# DATA TO EXAMINE

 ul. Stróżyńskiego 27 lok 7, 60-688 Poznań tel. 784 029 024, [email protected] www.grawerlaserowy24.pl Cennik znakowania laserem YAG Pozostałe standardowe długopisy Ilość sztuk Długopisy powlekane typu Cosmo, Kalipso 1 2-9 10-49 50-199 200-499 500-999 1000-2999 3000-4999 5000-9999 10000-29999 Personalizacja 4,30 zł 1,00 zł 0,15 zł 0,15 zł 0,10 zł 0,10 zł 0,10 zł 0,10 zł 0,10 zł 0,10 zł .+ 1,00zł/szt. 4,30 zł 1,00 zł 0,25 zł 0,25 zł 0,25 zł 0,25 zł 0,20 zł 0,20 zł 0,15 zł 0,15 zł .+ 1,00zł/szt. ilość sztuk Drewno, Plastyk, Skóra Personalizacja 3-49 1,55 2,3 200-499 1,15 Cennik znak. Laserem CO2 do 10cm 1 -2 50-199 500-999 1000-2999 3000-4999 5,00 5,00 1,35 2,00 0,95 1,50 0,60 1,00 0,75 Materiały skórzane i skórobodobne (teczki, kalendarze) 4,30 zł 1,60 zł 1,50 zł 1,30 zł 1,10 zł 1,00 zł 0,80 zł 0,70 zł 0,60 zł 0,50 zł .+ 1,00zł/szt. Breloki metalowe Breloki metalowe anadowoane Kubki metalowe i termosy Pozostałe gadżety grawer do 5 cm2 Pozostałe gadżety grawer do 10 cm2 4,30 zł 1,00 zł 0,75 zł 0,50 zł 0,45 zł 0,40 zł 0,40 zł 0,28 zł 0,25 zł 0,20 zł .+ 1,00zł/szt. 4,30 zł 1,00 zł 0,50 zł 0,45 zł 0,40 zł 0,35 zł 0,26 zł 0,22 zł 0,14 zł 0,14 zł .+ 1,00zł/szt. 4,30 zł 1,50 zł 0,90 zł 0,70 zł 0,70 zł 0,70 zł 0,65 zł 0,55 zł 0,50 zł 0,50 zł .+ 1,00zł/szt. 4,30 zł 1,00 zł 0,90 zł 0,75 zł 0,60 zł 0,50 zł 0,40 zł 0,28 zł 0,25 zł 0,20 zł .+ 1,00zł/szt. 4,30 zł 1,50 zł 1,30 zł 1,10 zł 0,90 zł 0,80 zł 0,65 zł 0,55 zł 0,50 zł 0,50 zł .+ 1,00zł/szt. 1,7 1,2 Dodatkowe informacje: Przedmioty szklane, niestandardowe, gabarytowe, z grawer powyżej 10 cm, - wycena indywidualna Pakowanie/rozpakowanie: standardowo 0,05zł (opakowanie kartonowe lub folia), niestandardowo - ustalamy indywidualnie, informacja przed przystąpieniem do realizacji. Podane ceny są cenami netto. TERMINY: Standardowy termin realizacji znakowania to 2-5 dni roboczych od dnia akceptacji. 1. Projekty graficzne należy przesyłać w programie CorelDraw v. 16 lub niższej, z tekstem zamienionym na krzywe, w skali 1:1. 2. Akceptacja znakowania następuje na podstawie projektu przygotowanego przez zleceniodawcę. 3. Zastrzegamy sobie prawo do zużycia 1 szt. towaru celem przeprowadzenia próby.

...

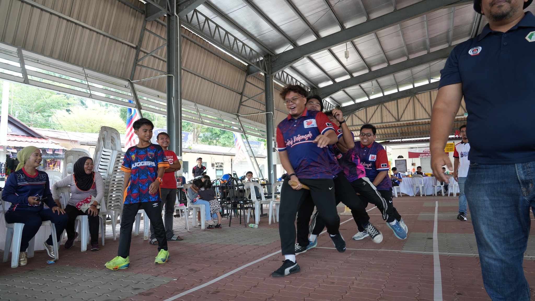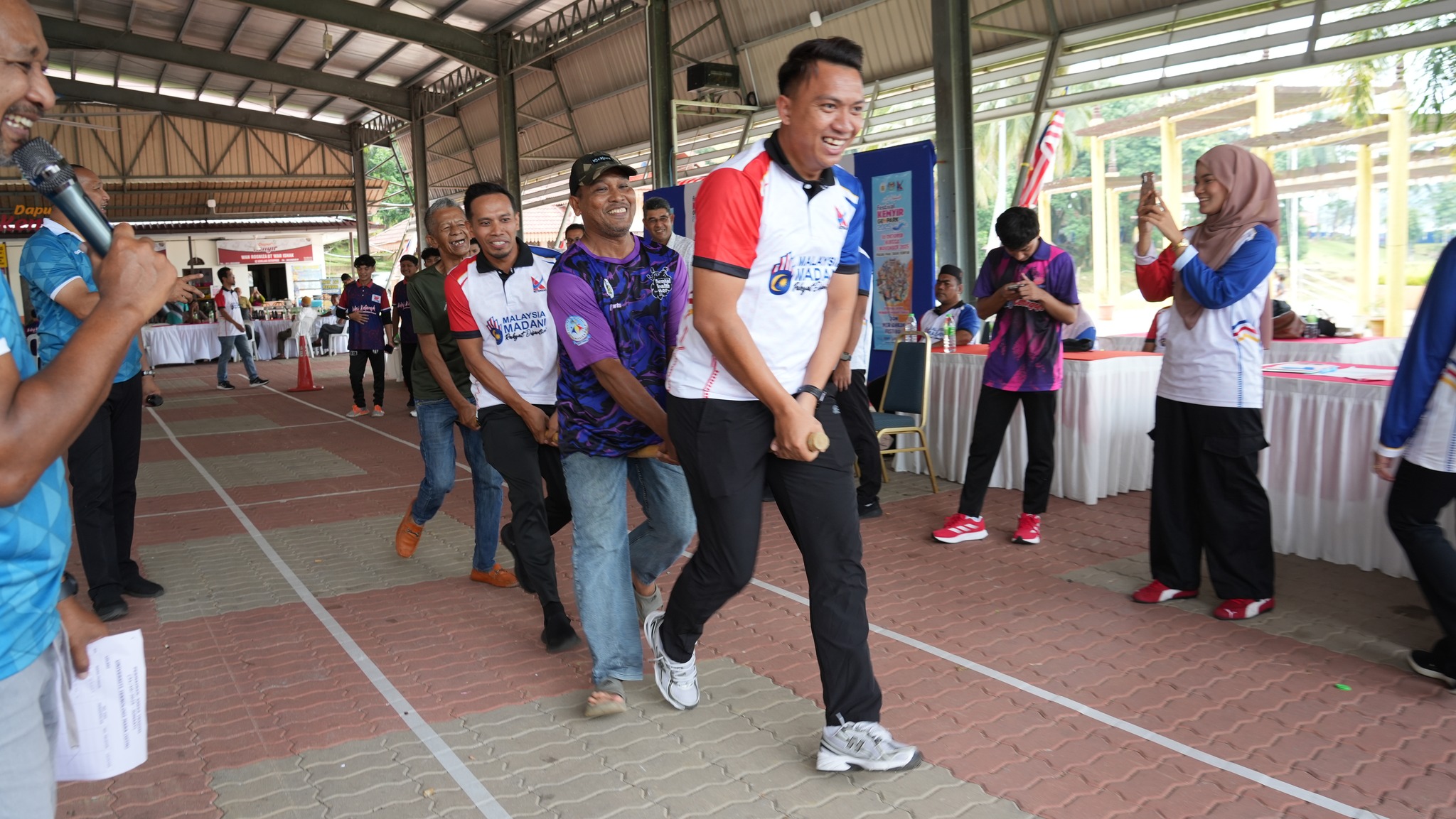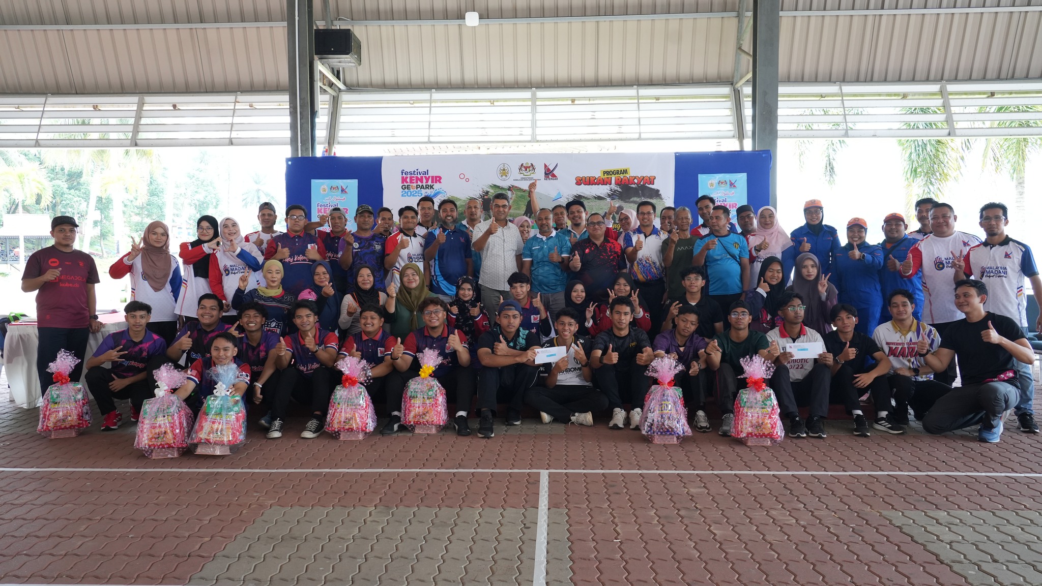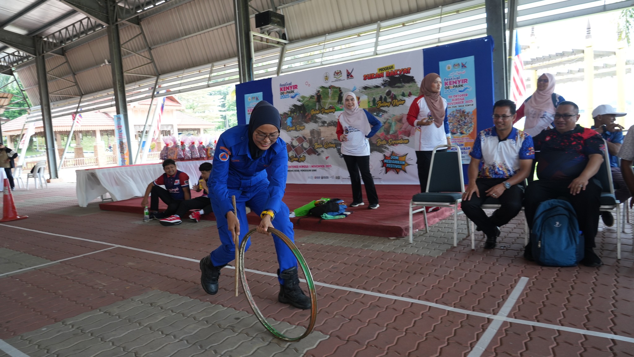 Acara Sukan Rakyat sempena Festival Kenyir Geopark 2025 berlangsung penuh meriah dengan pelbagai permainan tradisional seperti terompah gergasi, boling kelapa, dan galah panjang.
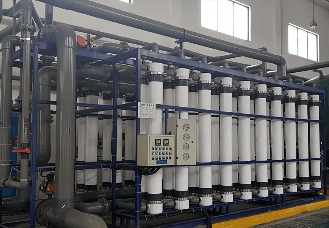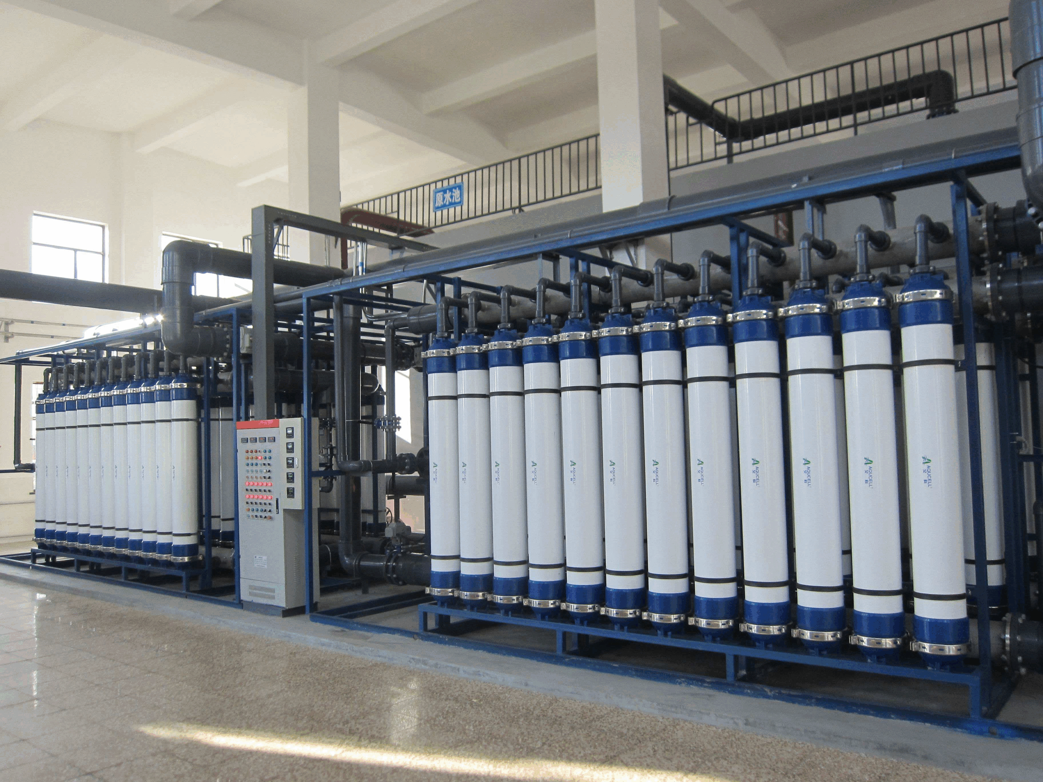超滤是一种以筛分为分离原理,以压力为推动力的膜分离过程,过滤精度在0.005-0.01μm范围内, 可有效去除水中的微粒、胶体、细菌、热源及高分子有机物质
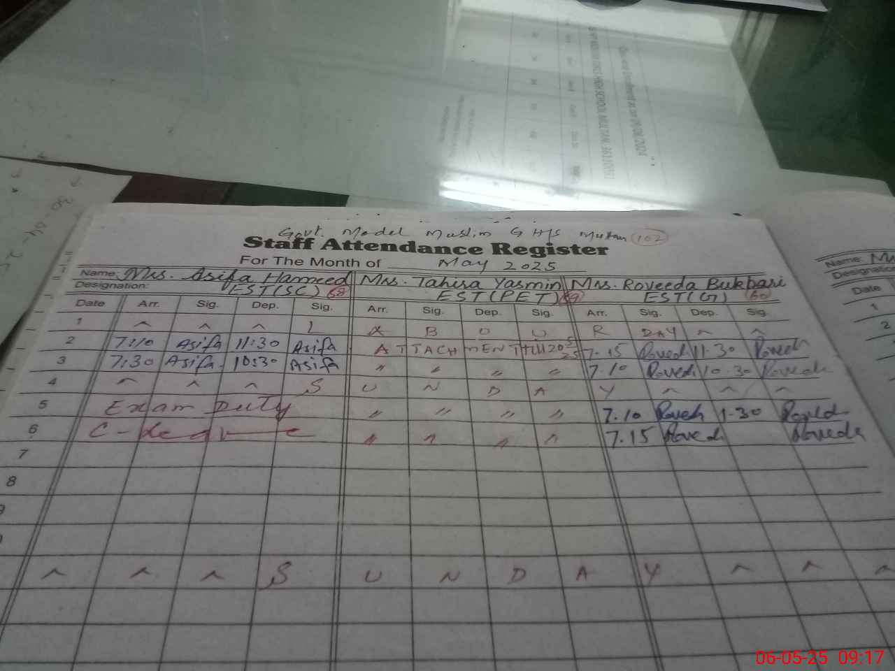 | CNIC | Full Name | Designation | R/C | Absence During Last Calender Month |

* * *

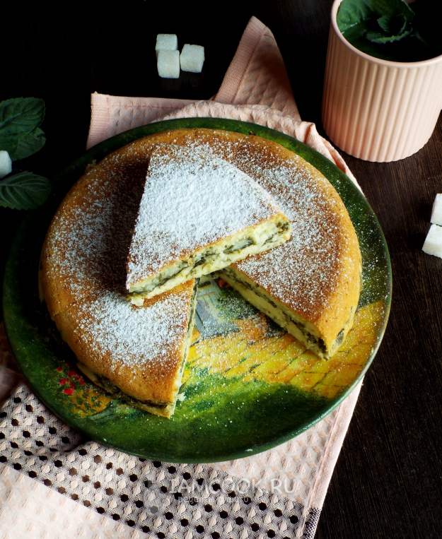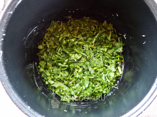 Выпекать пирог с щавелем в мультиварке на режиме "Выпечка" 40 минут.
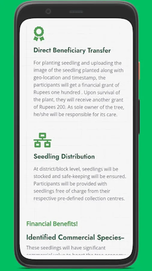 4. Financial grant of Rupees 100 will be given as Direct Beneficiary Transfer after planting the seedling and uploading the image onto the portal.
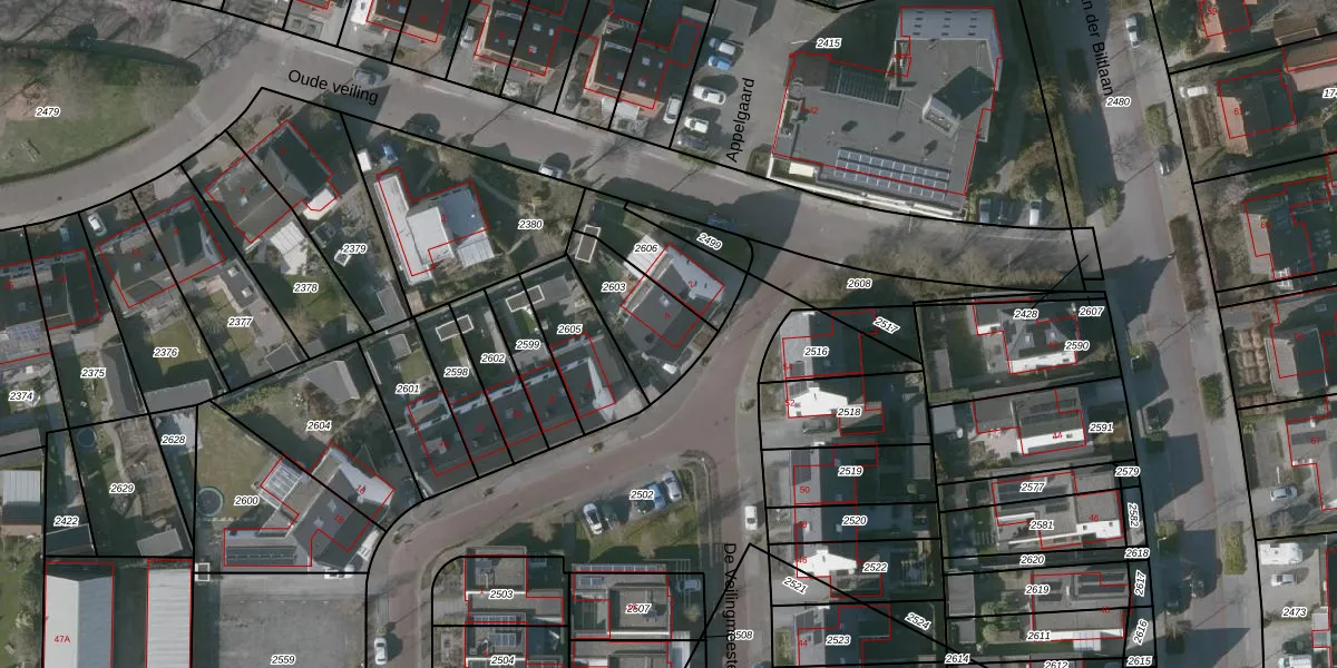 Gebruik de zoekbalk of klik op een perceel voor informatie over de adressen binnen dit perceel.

# ACTIVITY
Given the listing above, repeat exactly the lines starting at the one with "4. Financial grant" and ending at the one with "Gebruik de zoekbalk", inclusive, excluding pictures.

# TASK RESULT
 4. Financial grant of Rupees 100 will be given as Direct Beneficiary Transfer after planting the seedling and uploading the image onto the portal.
 Gebruik de zoekbalk of klik op een perceel voor informatie over de adressen binnen dit perceel.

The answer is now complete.